Sunday, July 31, 2011

Favourite Novelists: GK Chesterton and What He Taught Me


This is a difficult one, because there is so much to learn from GK Chesterton. What about the part in Heretics where he gave a tightly-reasoned argument for the fact that bigots are those without clear beliefs? What about the part in The Napoleon of Notting Hill where he made a strong case for religious wars as the only defensible kind of war there is?
There are just two things I’d like to focus on for now, though. I still vividly remember the first time I read a GK Chesterton novel. It was The Napoleon of Notting Hill, and it began, “The human race, to which so many of my readers belong…”

 
I had not been expecting that sentence. It caught me completely by surprise. Chesterton took it for granted that the world was bigger and friendlier than the human race.
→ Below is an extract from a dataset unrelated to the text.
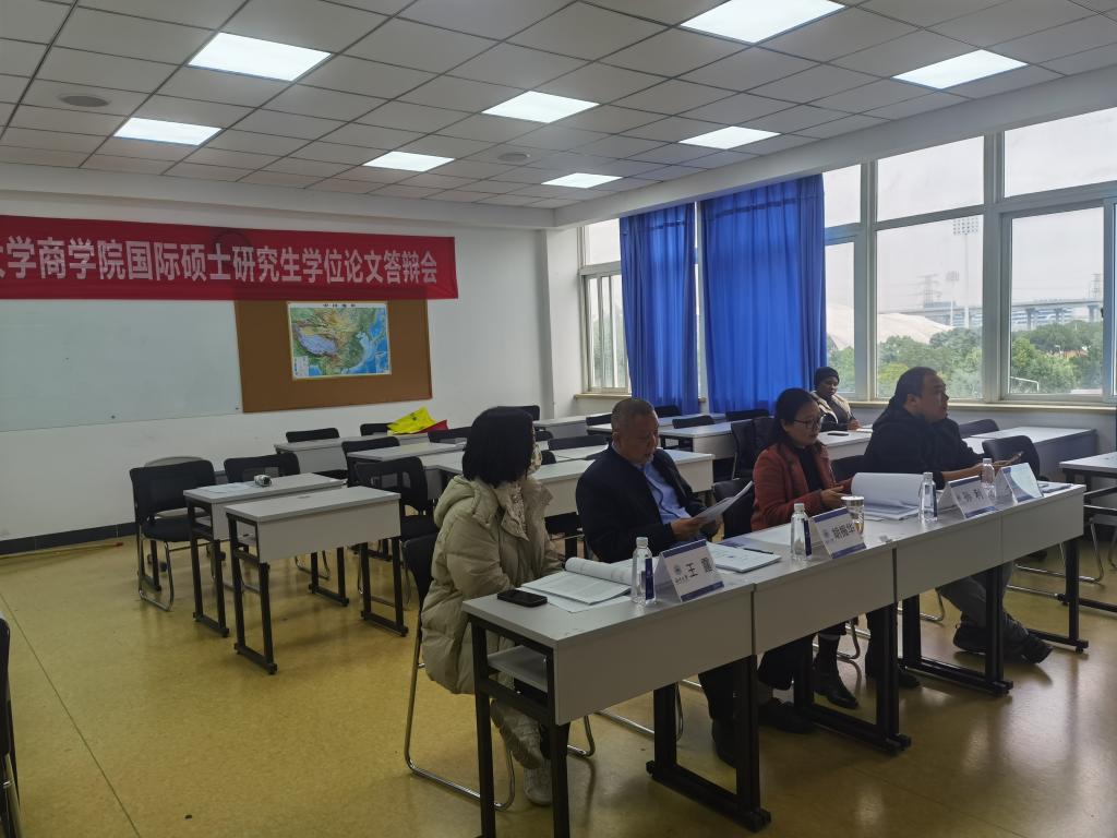 2022年12月7日上午,温州大学商学院秋季国际硕士研究生学位论文答辩在北校区三号楼308教室如期举行。参加本次答辩的国际生共3人,分别来自利比里亚和津巴布韦,均为应用经济学专业研究生,其中1名学生为学位论文答辩,另2名学生为学位论文预答辩。答辩委员会主席由温州理工学院外国语学院院长孙利教授担任,答辩委员会成员由温州大学商学院院长胡振华教授、徐正副教授、王露副教授等老师组成。
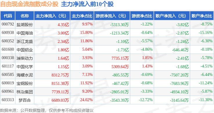 资金流向方面,自由现金流(980092)指数成份股当日主力资金净流入合计3.76亿元,游资资金净流出合计9903.41万元,散户资金净流出合计2.77亿元。成份股资金流向详情见下表:

That “there are more things in heaven and earth than are dreamed of in your philosophy.” A large part of Chesterton’s stylistic genius was this constant prompting that life is both stranger and more wonderful than we think it is. The colours in his writing are always violent and vivid. The gestures and words of his characters have a barely-restrained grandeur. And above all, his stories take place against a backdrop of nature that scarcely conceals the underlying reality of the world—God. Everything his characters do has theological weight. Nothing in creation is taken for granted. A street might stop deciding to go to St Pancras Station and decide to go to Heaven – for justice – instead. An apple-tree at any moment might stop producing apples and start producing tigers. And water flows downhill because it is bewitched. At any moment the spell might break and the precious, fragile order of creation might devolve into chaos. The only thing which prevents this happening is the hand of God holding all things together.
Chesterton’s writing is full of wonder at things we take for granted. It reminds us what a strange world we live in, and how we should give thanks for it; it reminds us how amazing it is that every blade of grass is green, and prompts us into a life of service and obedience as the only way of giving thanks.
The second thing I learned from Chesterton is that it is possible—no, necessary—to believe and hope and fight evil with all our hearts and strength…without ever becoming shrill about it. Chesterton’s heroes fight for what they believe. They believe they are right. They believe the enemy is wicked, so wicked as to destroy the very souls of men. They will die or even kill to defeat the enemy.
Chesterton’s heroes are not limp-wristed and compromising. They fight. But they do it without being shrill or embittered. They face evil with high spirits. With laughter. They are steadfast and deadly serious, but their joy bubbles over all the time. They do not take offense. They do not groan and complain.
The medieval historian Montaigne tells a story of the Hundred Years’ War. Edward the Black Prince had consigned the citizens of a certain city to be slain without mercy. He left, ignoring the screams of the women and aged as they grovelled for mercy. But then as he went on he came across three French knights—still fighting, even though the battle was long over and they were vastly outnumbered. The knights didn’t care about the battle being lost—their aim was to defy the English as long as they still had two legs and a strong right hand, and that’s what they were doing. Moved by their bravery, the Black Prince granted quarter first to them and then to the whole town…what was left of it.
This is the kind of bravery that GK Chesterton’s heroes show. Bravery in the face of overwhelming odds, bravery that even wins the respect of enemies. No complaints—just actions. It’s the medieval ideal of chivalry CS Lewis spoke of in The Last Battle: gentle words or hard knocks as the only language of a true knight.
I know it’s hard when people attack you, to remain both gracious and uncompromising. I know it’s hard when everyone seems to be compromising, when everything seems to be getting worse. And that’s why we all need Chesterton. We need to face evil with fearless laughter, with mockery, with an unshakeable joy; not with groans of distress or shrill cries of paranoia.
I think this is an incredibly important lesson to learn. It’s not good always to be serious and dull. Even less is it good to give in to despair. I know a lot of conservatives whom I respect very much, who are making titanic efforts to combat evil in society. But I wish I could see more joy in their lives. More laughter. More…more swashbuckling, and I mean in outlook not in actually challenging Hugh Hefner to a duel, although that is something I’d give most of my body parts to witness.
It may seem cheeky for me, a very young person, to be saying this. But you know that it’s the joy of the Lord that is our strength. And for what that looks like, GK Chesterton is a great example.

2 comments:

Helen said...

Never read anything by him. Now I'm interested.

Suzannah said...

I highly recommend it, Helen. Chesterton is wonderful.